Relacionamos el movimiento Maker con un tema que tratamos asiduamente en nuestro blog: los paisajes urbanos y el disfrute de las ciudades para realizar deportes y sentirse bien. Los proyectos DIY de los Makers han dado como resultado rampas y tubos de skateboarding que son disfrutados por jóvenes de las principales metrópolis.

El Makerspace de Tenerife

Habíamos hablado en su día del Makerspace de Madrid, con una exhaustiva entrevista y un reportaje fotográfico, gracias a los que os explicábamos cuáles eran las iniciativas que llevan a cabo en la capital. Recientemente se ha inaugurado el Makerspace de Tenerife, cuyo principal objetivo es convertirse en la punta de la reindustrialización local.
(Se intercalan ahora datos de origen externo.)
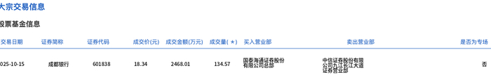 成都银行今日大宗交易平价成交134.57万股,成交额2468.01万元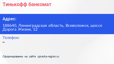 Тинькофф, банкомат по адресу 188640, Ленинградская область, Всеволожск, шоссе Дорога Жизни, 12 в дальнейшем Организация, размещена в следующих категориях: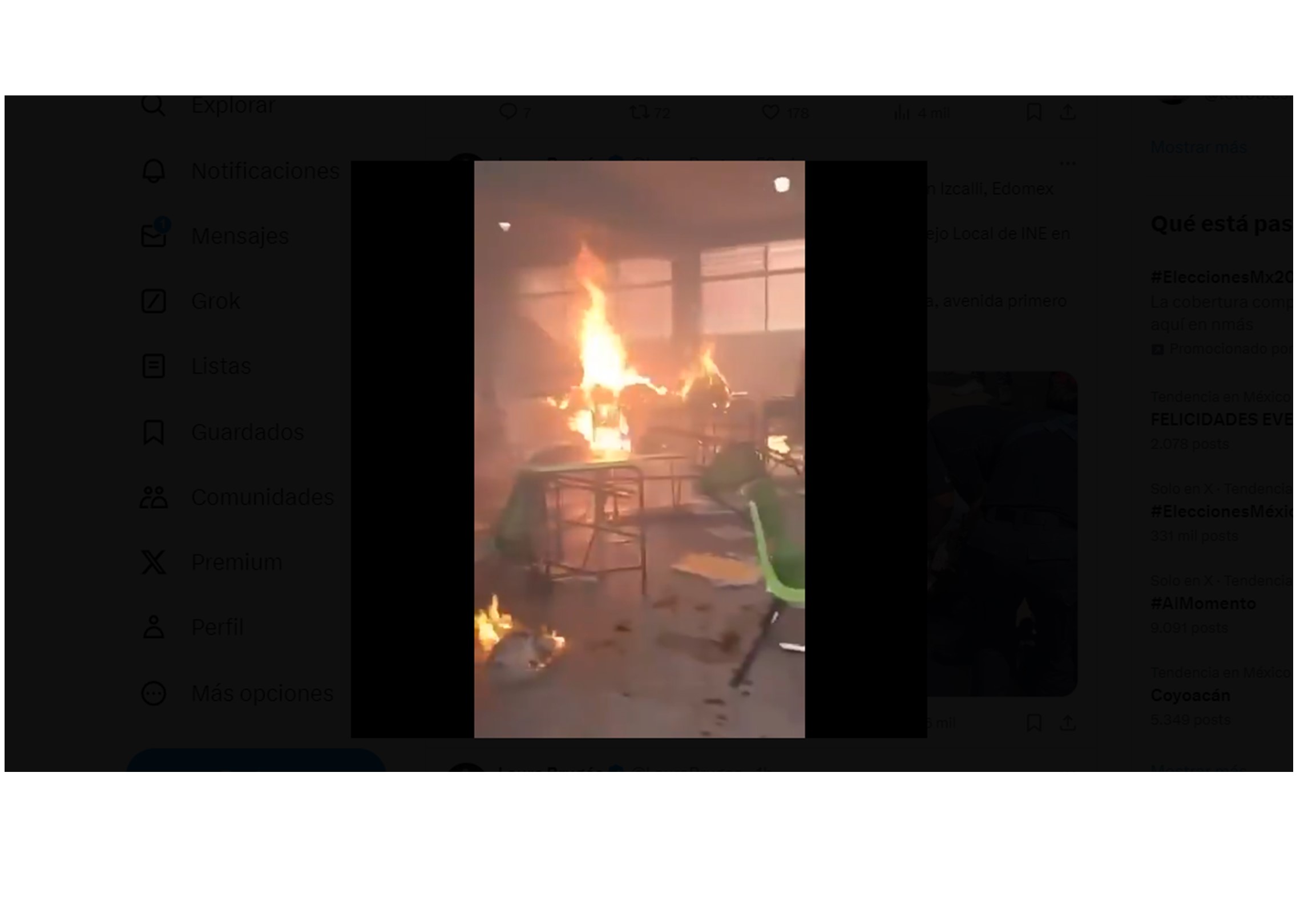 Alrededor de las 16:00 horas, se reportó la quema de casillas en Cuautitlán Izcalli, Estado de México.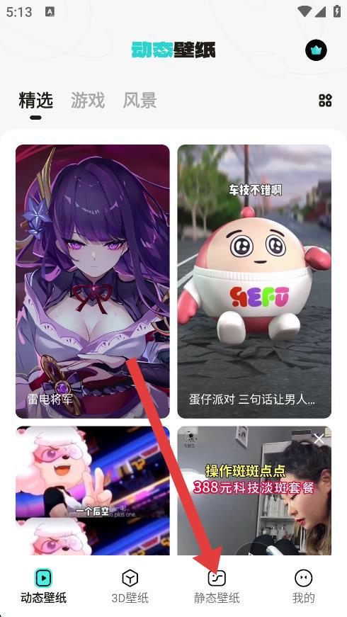 1、打开宇宙壁纸App,点击底部导航栏中的静态壁纸选项。
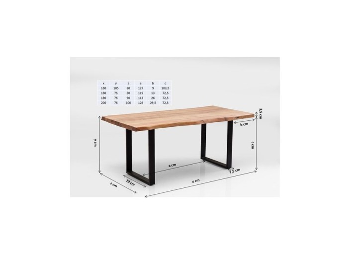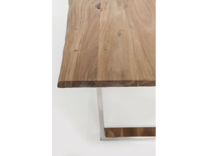Ένα τραπέζι με φυσική ομορφιά για την τραπεζαρία και εντυπωσιακή μορφή με χειροποίητα κατασκευασμένη επιφάνεια πάχους 3.5 εκ, από μασίφ ξύλο ακακίας και ασημί μεταλλικά ατσάλινα πόδια.

Al formar parte de su entusiasta grupo de personas, podrás acceder a corte láser, soldadura, corte de madera, impresión digital, etc, mientras apoyas proyectos locales con fines sociales.

Multi-Ethnic Group of People and Computer Network Concepts

Rehabilitación de espacios públicos

Uno de los aspectos más interesantes del Movimiento Maker es que los ciudadanos se unan para rehabilitar un espacio público que hasta ahora permanecía abandonado o infrautilizado. Uno de los muchos ejemplos que se pueden encontrar en nuestro país es el Campo de la Cebada en Madrid, aunque apreciamos rehabilitaciones de este tipo por todas las capitales europeas y de otros continentes.

The Makery en Bilbao

Como decíamos, cada vez son más los espacios Makers que se pueden encontrar en nuestras ciudades. En Bilbao se acaba de inaugurar The Makery, del Bilbao Berrikuntza Faktoria, un espacio en el que crear y experimentar, con un hincapié especial en el aprendizaje y en el intercambio de conocimientos y de experiencias.

makers en movimiento

El FabCafe de Barcelona

Aunque lleva algo más de un año abierto, el FabCafe de Barcelona vuelve a estar de actualidad por conjugar la posibilidad de utilizar las impresoras 3D que cualquiera de los socios puede utilizar, debido a que una de las ideas que sustentan la filosofía Maker es que muchas más personas podrán arrancar sus proyectos y cumplir sus sueños si no tienen que comenzar por realizar un desembolso para adquirir maquinaria: al compartirla con otros, sus primeros pasos son posibles.